Papillons des jardins augerons


Les jardins qui offrent une grande diversité de fleurs sont très fréquentés par les papillons. Ils volent de fleurs en fleurs, pour en boire le nectar sucré, leur seule nourriture. Certaines espèces, comme la piéride du chou, sont très communes. Mais quelques espèces très rares se sont laissé observer ces dernières années en Pays d’Auge.

La chenille du machaon

La chenille du machaon préfère le fenouil

La chenille du machaon, Papilio machaon, se nourrit essentiellement de plantes de la famille des carottes, les crucifères. On la rencontre le plus souvent sur le fenouil. Avec ses couleurs vives, elle fait la coquette. Elle est habillée d'un manteau vert clair, avec des rayures noires et des points rouges. Ce costume voyant sert peut-être à prévenir ses prédateurs qu'elle est dangereuse. Elle se transforme en un grand papillon jaune et noir, dont la forme des ailes rappelle le costume en queue-de-pie.

La chenille de la piéride du chou

La piéride du chou, le désastre des jardins

La piéride du chou, Pieris brassicae, est très commune dans nos jardins. Sa chenille dévore les feuilles de choux. Les chenilles vivent en bandes : elles pillent et ravagent les cultures. Elles ne laissent rien derrière elles. En revanche, le papillon participe à la pollinisation des fleurs du jardin et permet au jardinier de récolter de beaux fruits. La chenille et le papillon sont facilement reconnaissables à leur coloration qui va du jaune au blanc, parsemé de taches noires.

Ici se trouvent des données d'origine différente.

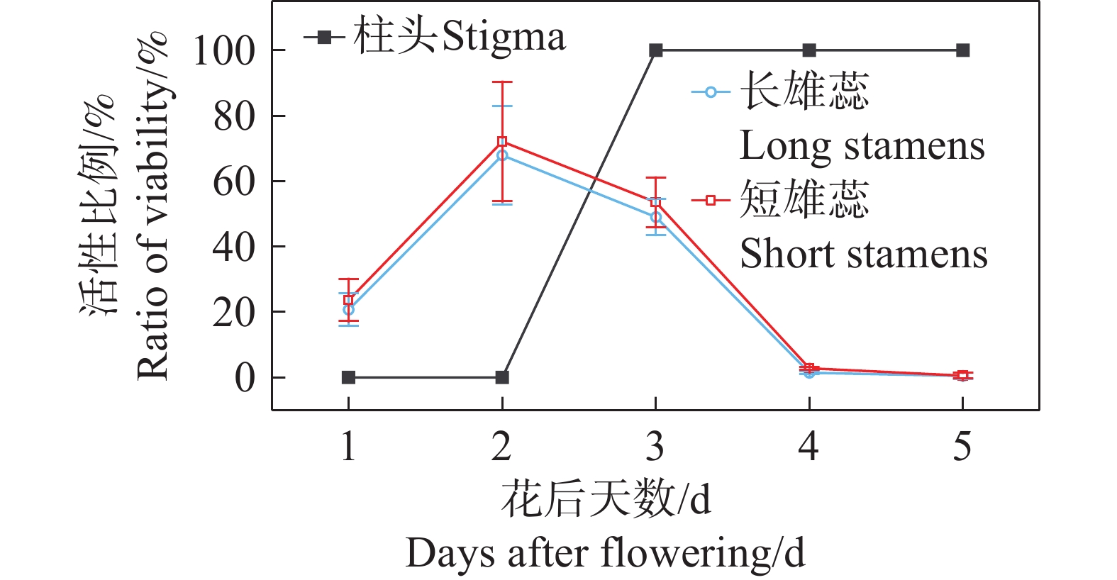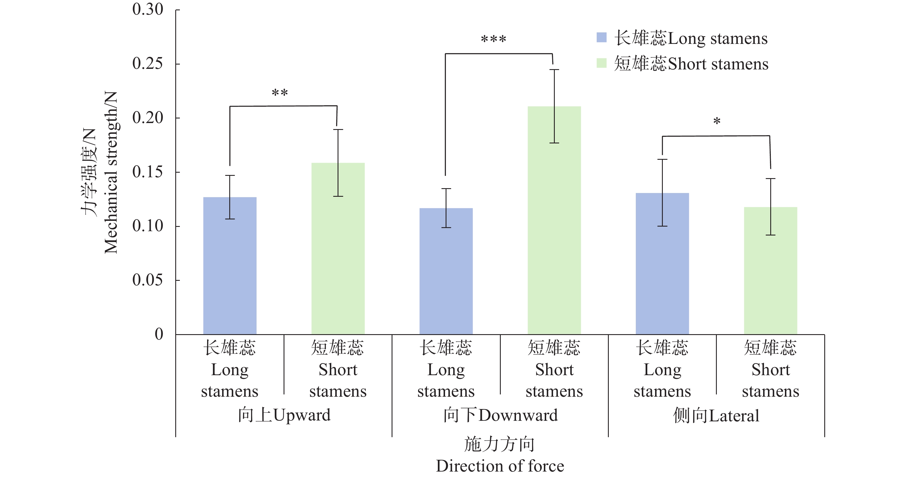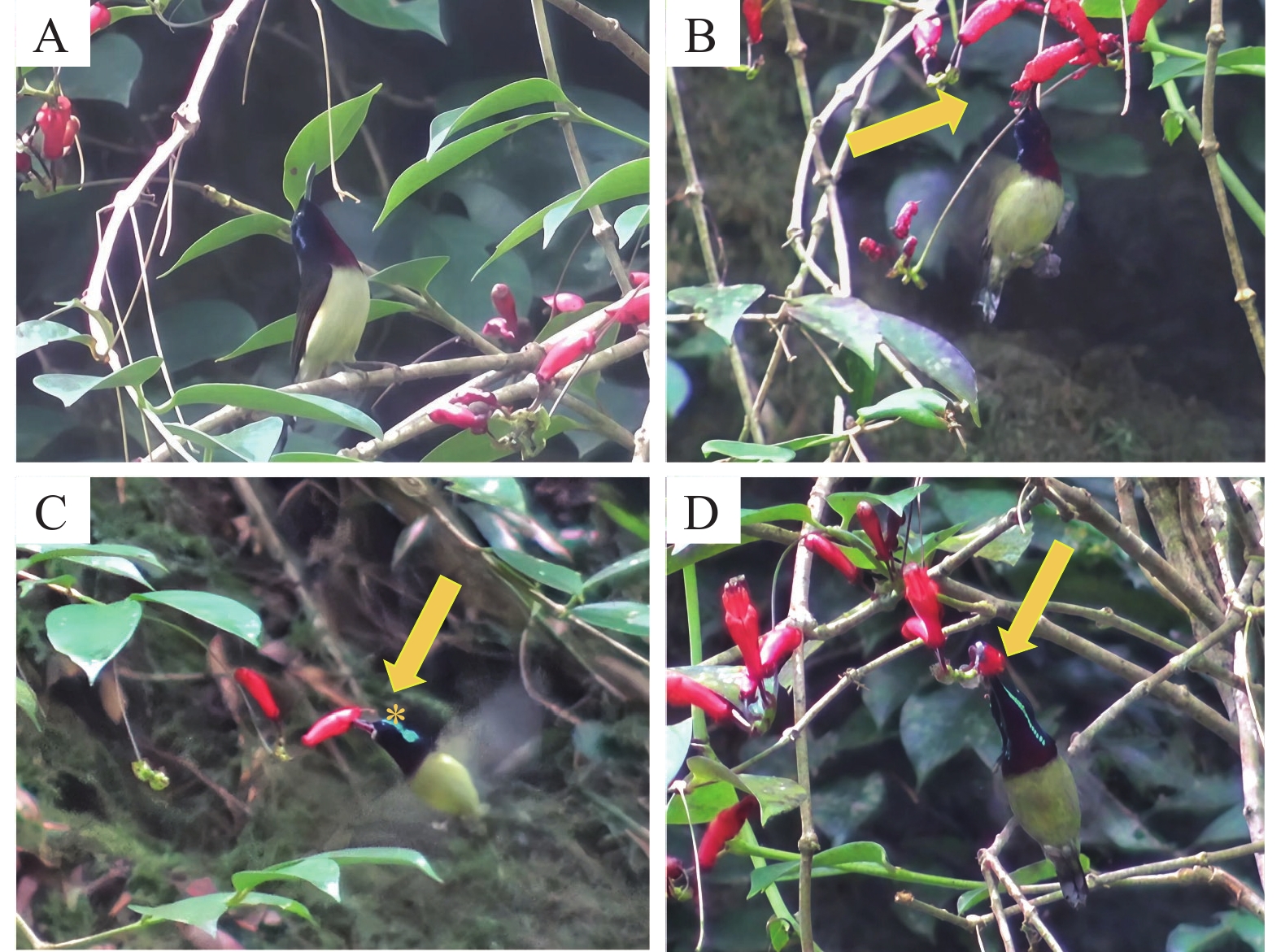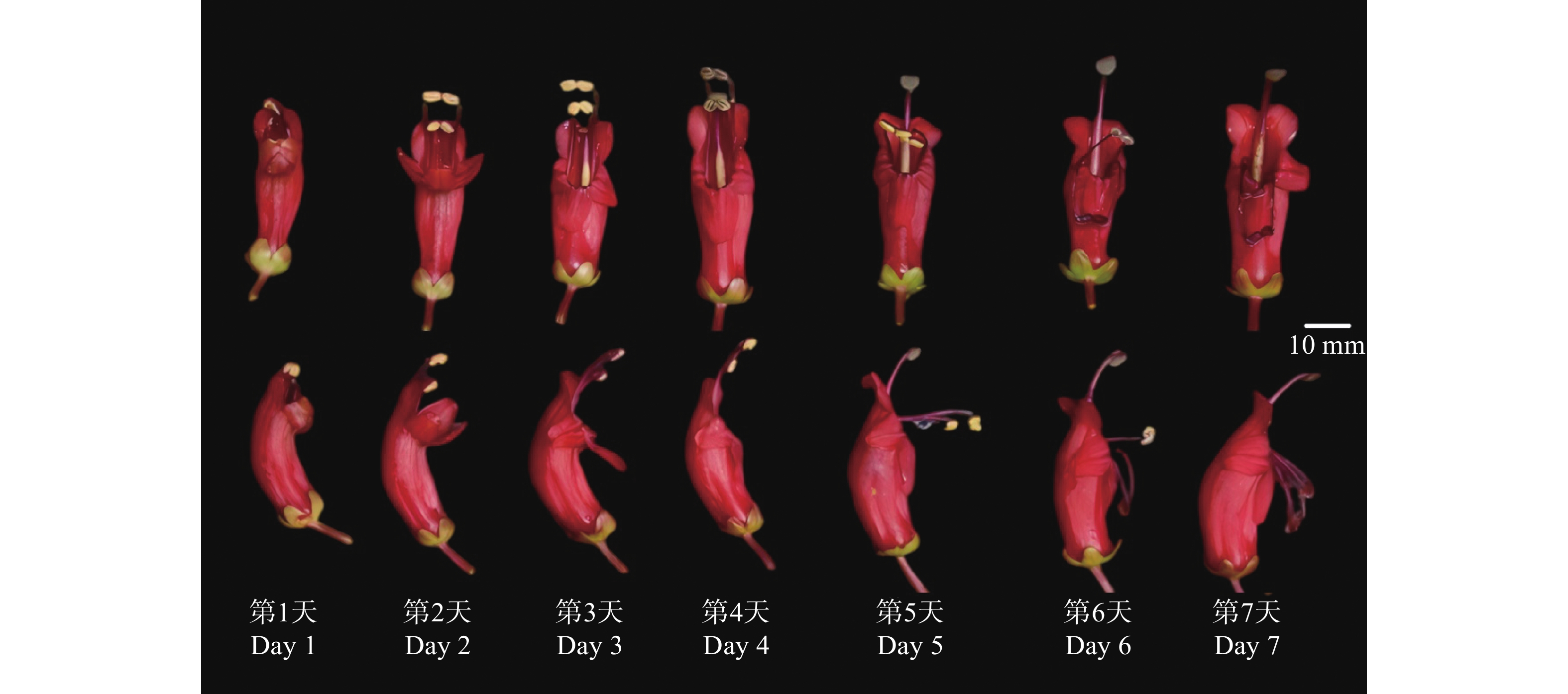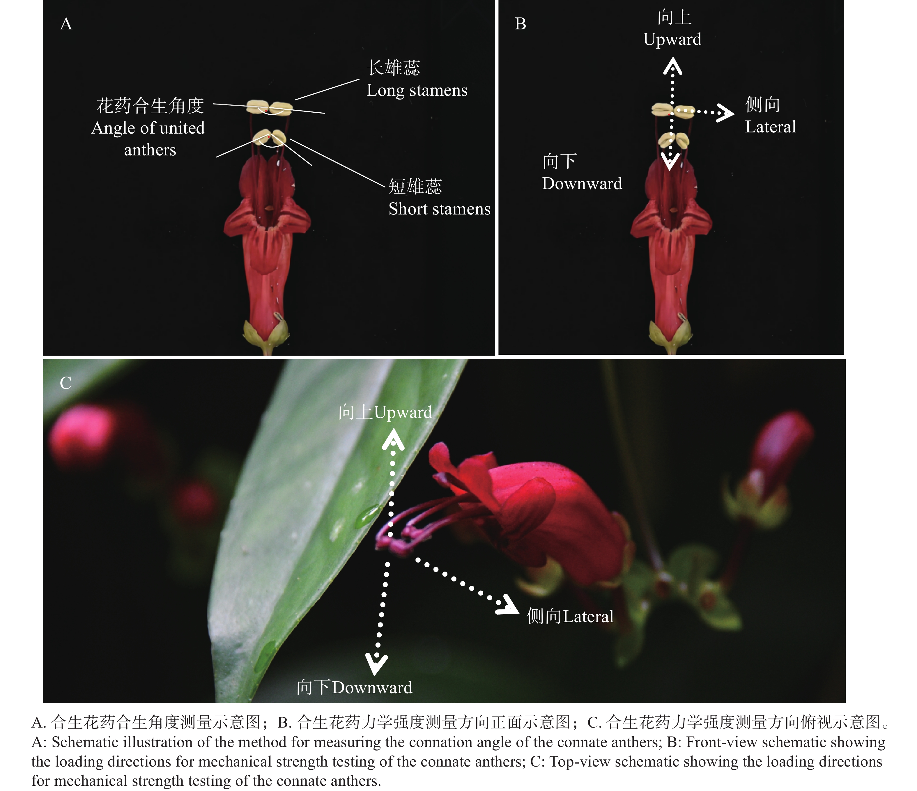 Anther connation is an important floral trait that influences pollination accuracy and efficiency by altering anther arrangement and anther-stigma separation (herkogamy). The flowering biology, the mechanical properties of connate anthers, and the pollination process of Aeschynanthus moningeriae (Gesneriaceae)at Mt. Wuzhi in Hainan Island, China were examined to investigate the developmental pattern of anther connation and pollination adaptation in the bird-pollinated A. moningeriae. The results showed that A. moningeriae is hermaphroditic, with didynamous stamens containing anthers in pairs from the bud stage and that anthers were coherent throughout the whole flowering period. The long anther pair ultimately formed an angle of approximately 180° (parallel) while the short anther pair grow at 115° (inverted V-shape). The short anther pair was connated with more fused part than the long anther pair. The mechanical strength of the short anther pair was F=0.159 ± 0.031 N and F=0.211 ± 0.034 N in the upward and downward directions respectively, which is significantly higher than that of the long anther pair (upward: F=0.127 ± 0.020 N; downward: F=0.117 ± 0.018 N). The fork-tailed sunbird (Aethopyga latouchii) was the only effective pollinator. The red corolla, along with the black stripes on the lobes, function as a nectar guide. The long anther pair was mainly touched by the bird forehead, while the short anther pair was contacted mainly by the narrow base of the bird beak. Such separated pollen deposition increased the contact probobality of the stigma with pollen. Because the bird beak exerted stronger force on anthers, the higher mechanical strength with higher fusion proportion of the short anther pair can thus maintain at a fusion mode and spatial position of the connate anthers under stronger force, increasing pollen removal ratio.

La femelle du petit paon de nuit

Le petit paon de nuit a des yeux d’oiseau

Il est rare de rencontrer ensemble le mâle et la femelle du petit paon de nuit, Pavonia pavonia. En effet le mâle sort le jour à la recherche d’une partenaire et la femelle, elle, préfère voler la nuit. Le mâle a des couleurs vives qui vont du marron à l’orange. La femelle est plus grande que le mâle. Ses couleurs sont ternes, dans les tons gris. Les chenilles se nourrissent de bruyères, de ronces et de prunellier. Le mâle et la femelle ont tous les deux quatre taches sur les ailes, qui rappellent des yeux d’oiseau. Ce sont des ocelles ; elles servent à effrayer les prédateurs, qui n’osent pas attaquer le papillon.

Le sphinx à tête de mort

Le sphinx tête-de-mort maintenant en Pays d’Auge

Habituellement, ce papillon ne vient pas dans nos régions. Il n’a été observé qu’une seule fois à Montviette. Le sphinx tête-de-mort, Acherontia atropos, voyage depuis l’Afrique. Ses ailes étroites, qui peuvent mesurer jusqu’à douze centimètres d’envergure, lui permettent de parcourir des milliers de kilomètres. Il tire son nom du dessin qui orne son thorax. Sa chenille se nourrit de préférence des feuilles de pommes de terre. Ensuite elle s’enterre et se transforme en chrysalide. Seuls les individus les plus résistants aux hivers rigoureux de nos régions voient le jour et pourront faire le voyage en sens inverse.